**Exercise requirements**: Go through the listing below and write out exactly the lines from the one that mentions "В раме, под стеклом." through the one that mentions "Seperti apa yang", minus the pictures.
----
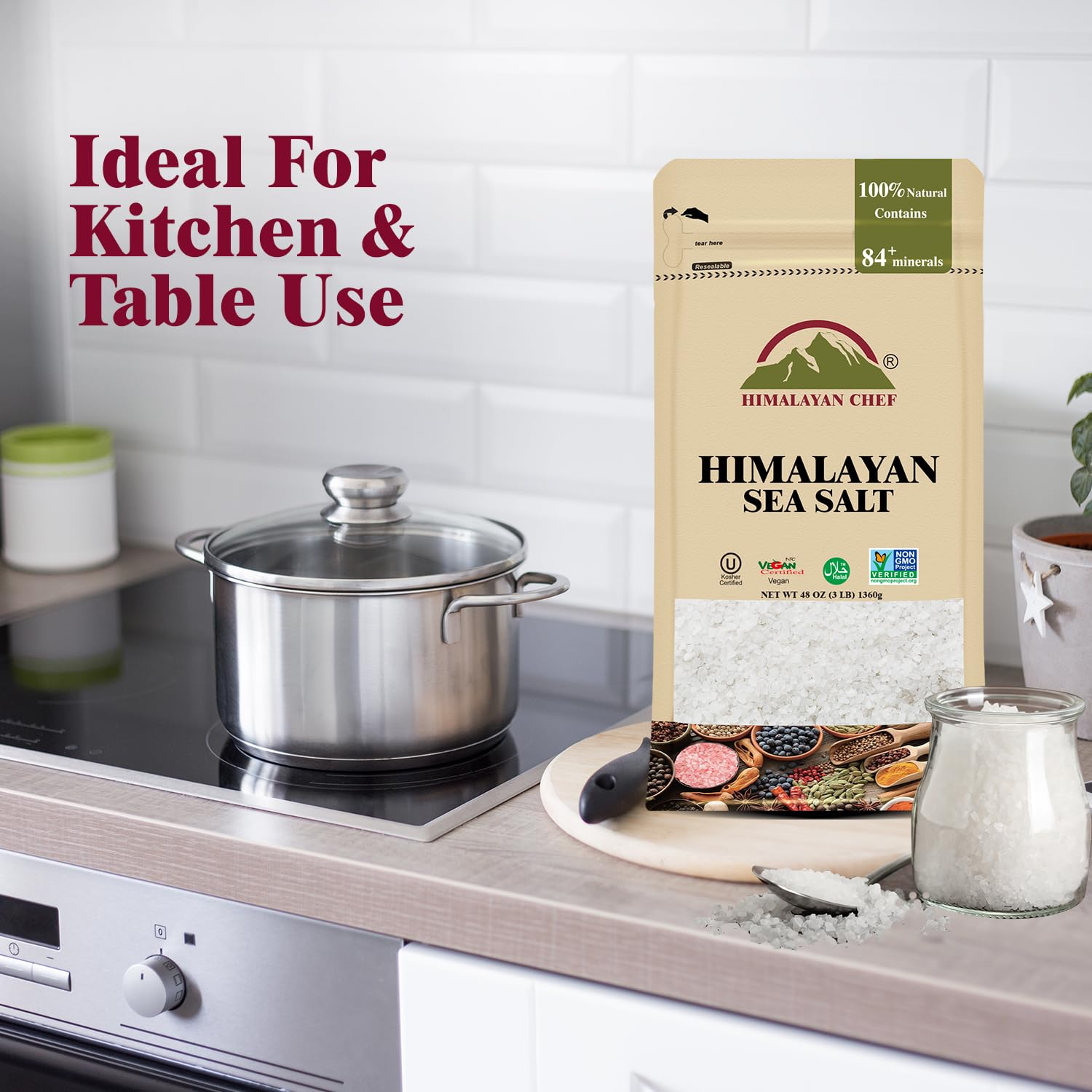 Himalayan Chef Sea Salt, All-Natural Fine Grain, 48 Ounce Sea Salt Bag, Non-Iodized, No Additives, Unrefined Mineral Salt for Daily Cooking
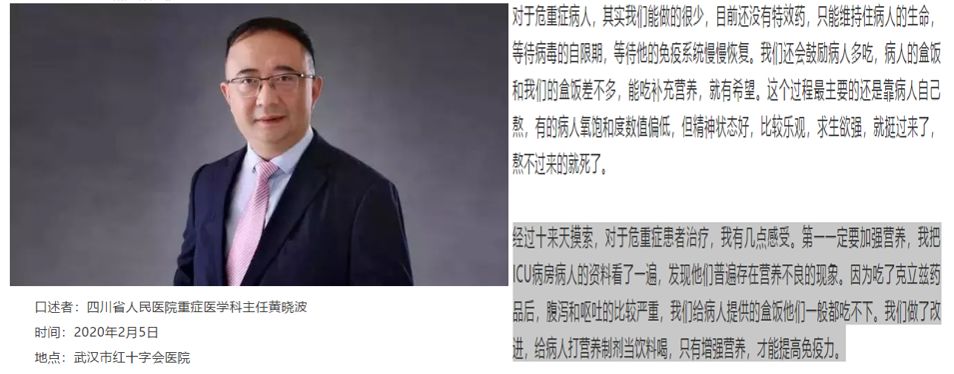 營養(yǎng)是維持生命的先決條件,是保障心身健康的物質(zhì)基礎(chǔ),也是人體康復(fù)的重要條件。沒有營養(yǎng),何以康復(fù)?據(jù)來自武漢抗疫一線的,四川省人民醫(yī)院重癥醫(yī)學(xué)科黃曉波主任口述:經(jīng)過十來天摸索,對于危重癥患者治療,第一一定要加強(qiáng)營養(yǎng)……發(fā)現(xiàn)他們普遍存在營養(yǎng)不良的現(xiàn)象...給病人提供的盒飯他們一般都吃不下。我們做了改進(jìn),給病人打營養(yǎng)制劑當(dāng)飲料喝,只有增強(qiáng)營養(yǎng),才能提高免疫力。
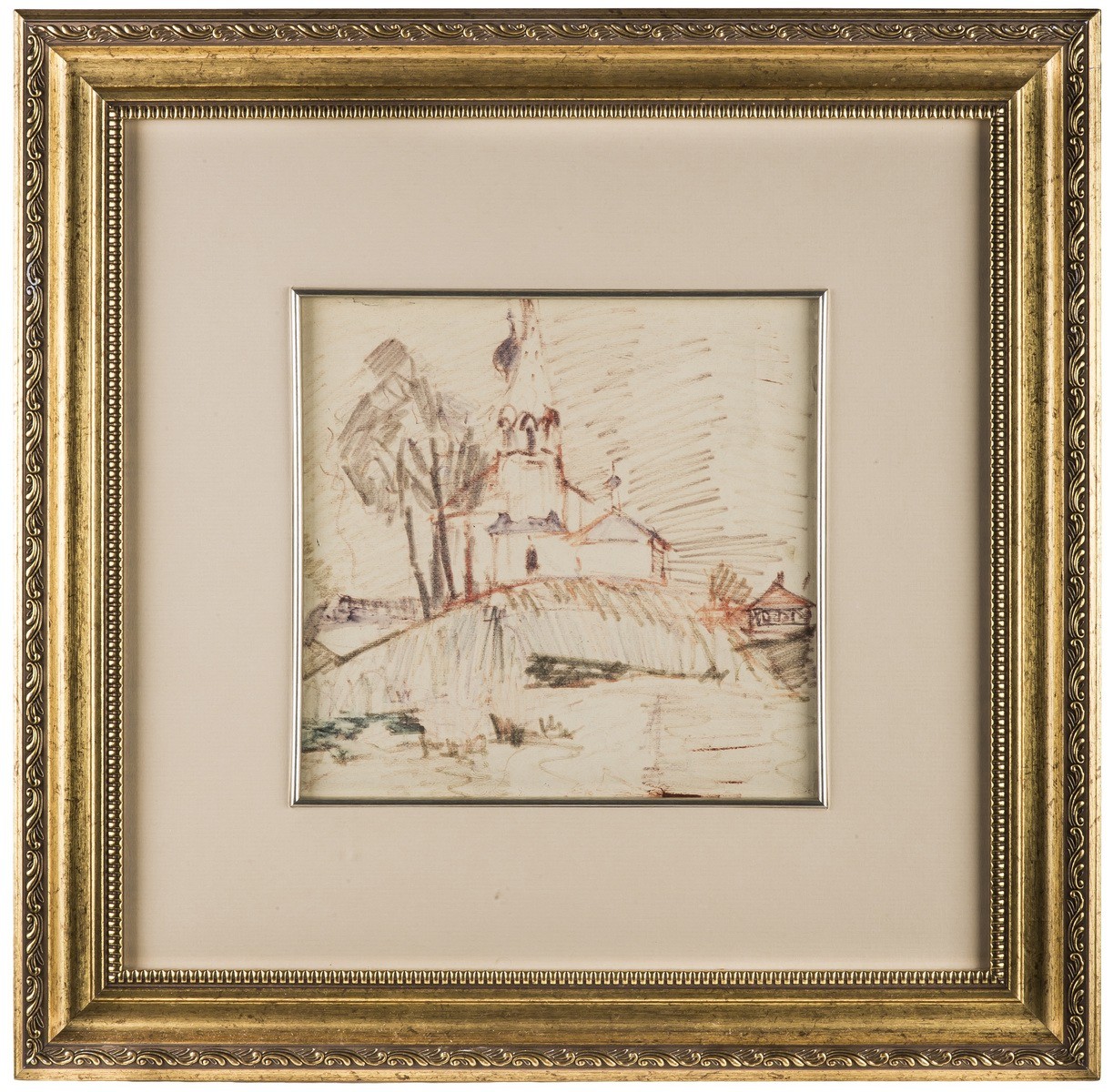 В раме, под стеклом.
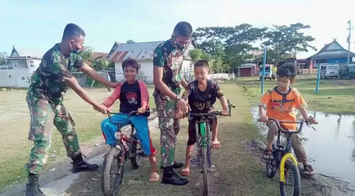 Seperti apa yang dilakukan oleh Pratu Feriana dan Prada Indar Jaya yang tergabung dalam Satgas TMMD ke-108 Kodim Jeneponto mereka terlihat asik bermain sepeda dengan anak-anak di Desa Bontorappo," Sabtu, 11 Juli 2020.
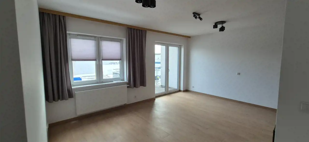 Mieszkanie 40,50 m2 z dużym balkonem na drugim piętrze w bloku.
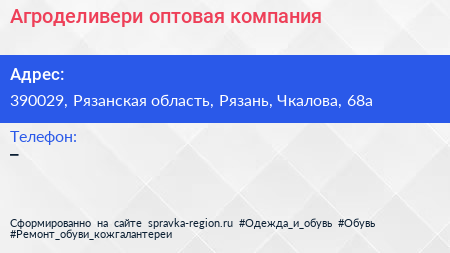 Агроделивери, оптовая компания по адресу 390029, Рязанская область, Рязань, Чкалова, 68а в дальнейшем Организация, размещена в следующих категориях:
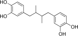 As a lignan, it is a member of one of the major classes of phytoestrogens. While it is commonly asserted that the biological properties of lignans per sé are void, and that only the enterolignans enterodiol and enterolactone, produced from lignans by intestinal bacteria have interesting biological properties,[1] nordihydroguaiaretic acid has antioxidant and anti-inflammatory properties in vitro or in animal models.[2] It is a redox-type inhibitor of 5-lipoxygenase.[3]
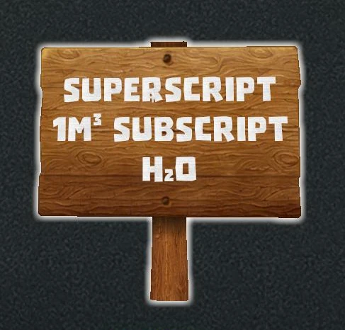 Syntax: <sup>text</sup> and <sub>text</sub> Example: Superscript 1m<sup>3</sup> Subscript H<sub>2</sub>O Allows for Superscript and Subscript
----
**Task response**:
 В раме, под стеклом.
 Seperti apa yang dilakukan oleh Pratu Feriana dan Prada Indar Jaya yang tergabung dalam Satgas TMMD ke-108 Kodim Jeneponto mereka terlihat asik bermain sepeda dengan anak-anak di Desa Bontorappo," Sabtu, 11 Juli 2020.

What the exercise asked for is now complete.